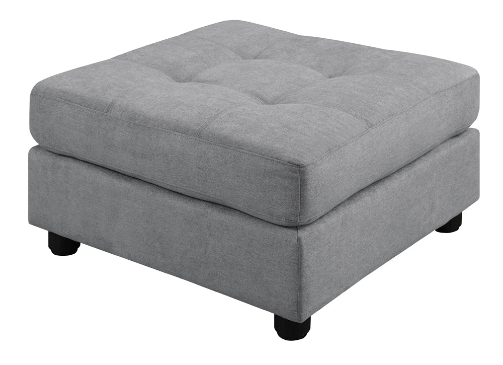 Este seccional modular de siete piezas ofrece un toque contemporáneo a una amplia sala de estar o área de entretenimiento. Completo con cuatro sillones sin brazos, dos sillas esquineras y una otomana, este seccional de transición crea el espacio de reunión perfecto para la familia y los invitados. Diseñado con cojines capitoné y tapizado en una tela tejida gris paloma, este lujoso conjunto de asientos es el lugar ideal para leer, echar una siesta, disfrutar de una serie de televisión y mucho más. Las patas negras ofrecen una ligera elevación y mayor estabilidad, definiendo la silueta de este diseño cuadrado. Por último, una otomana independiente, suspendida en el centro de este seccional en forma de U, también funciona como mesa de centro.
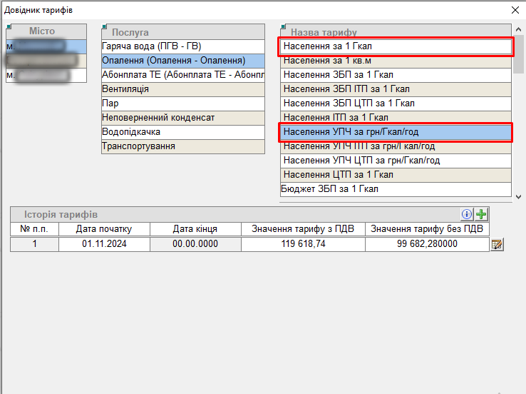 - та двоставковий тариф (населення УПЧ(умовно-постійна частина) за грн/Гкал/год)
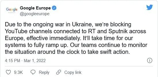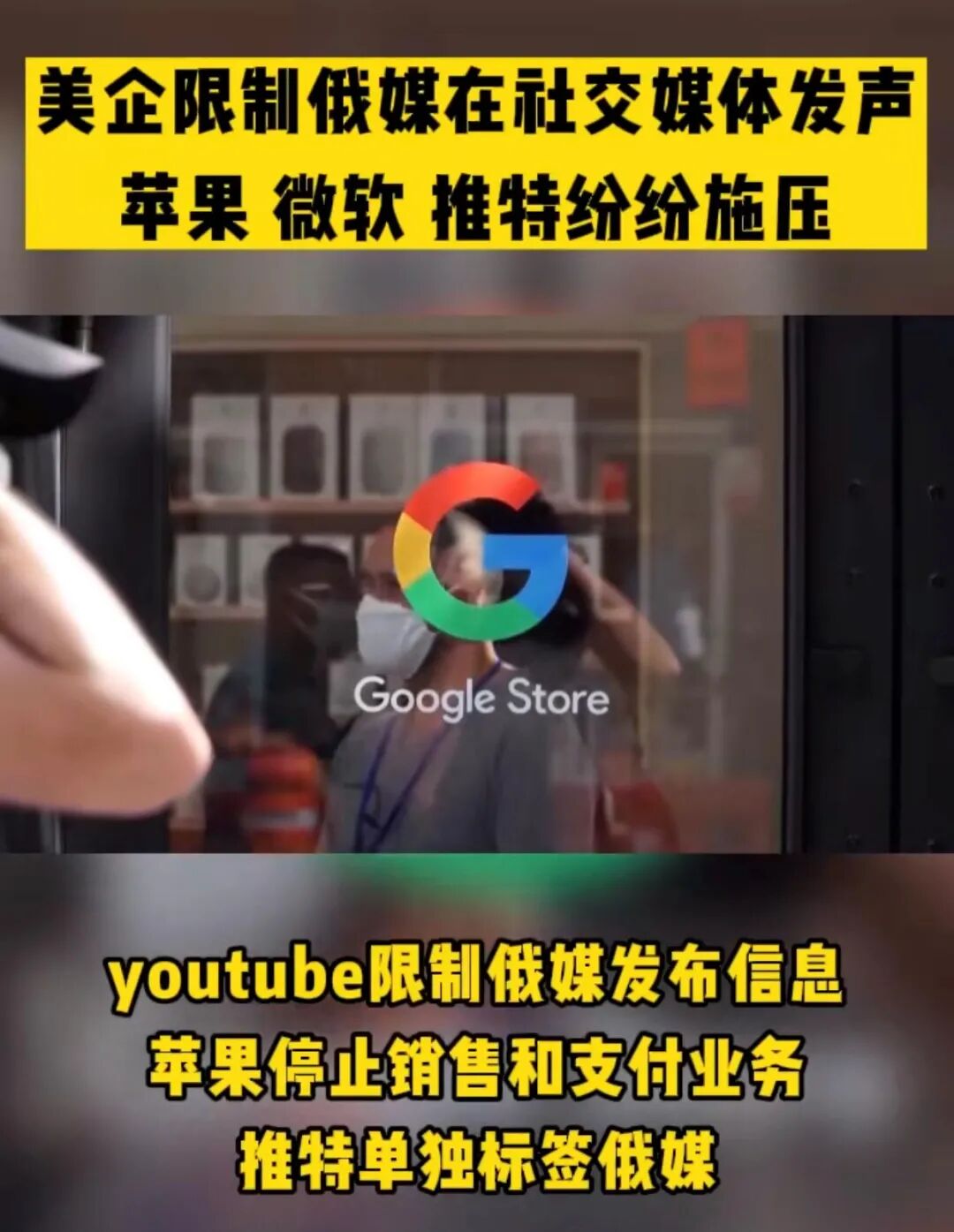 “谷歌、推特、Meta(原Facebook)、Instagram都发声明对俄罗斯做出了制裁,限制俄罗斯媒体在各个社交平台上的发言。”

----

Please retype the data exactly, but do not carry over any picture.

 Este seccional modular de siete piezas ofrece un toque contemporáneo a una amplia sala de estar o área de entretenimiento. Completo con cuatro sillones sin brazos, dos sillas esquineras y una otomana, este seccional de transición crea el espacio de reunión perfecto para la familia y los invitados. Diseñado con cojines capitoné y tapizado en una tela tejida gris paloma, este lujoso conjunto de asientos es el lugar ideal para leer, echar una siesta, disfrutar de una serie de televisión y mucho más. Las patas negras ofrecen una ligera elevación y mayor estabilidad, definiendo la silueta de este diseño cuadrado. Por último, una otomana independiente, suspendida en el centro de este seccional en forma de U, también funciona como mesa de centro.
 - та двоставковий тариф (населення УПЧ(умовно-постійна частина) за грн/Гкал/год)
 “谷歌、推特、Meta(原Facebook)、Instagram都发声明对俄罗斯做出了制裁,限制俄罗斯媒体在各个社交平台上的发言。”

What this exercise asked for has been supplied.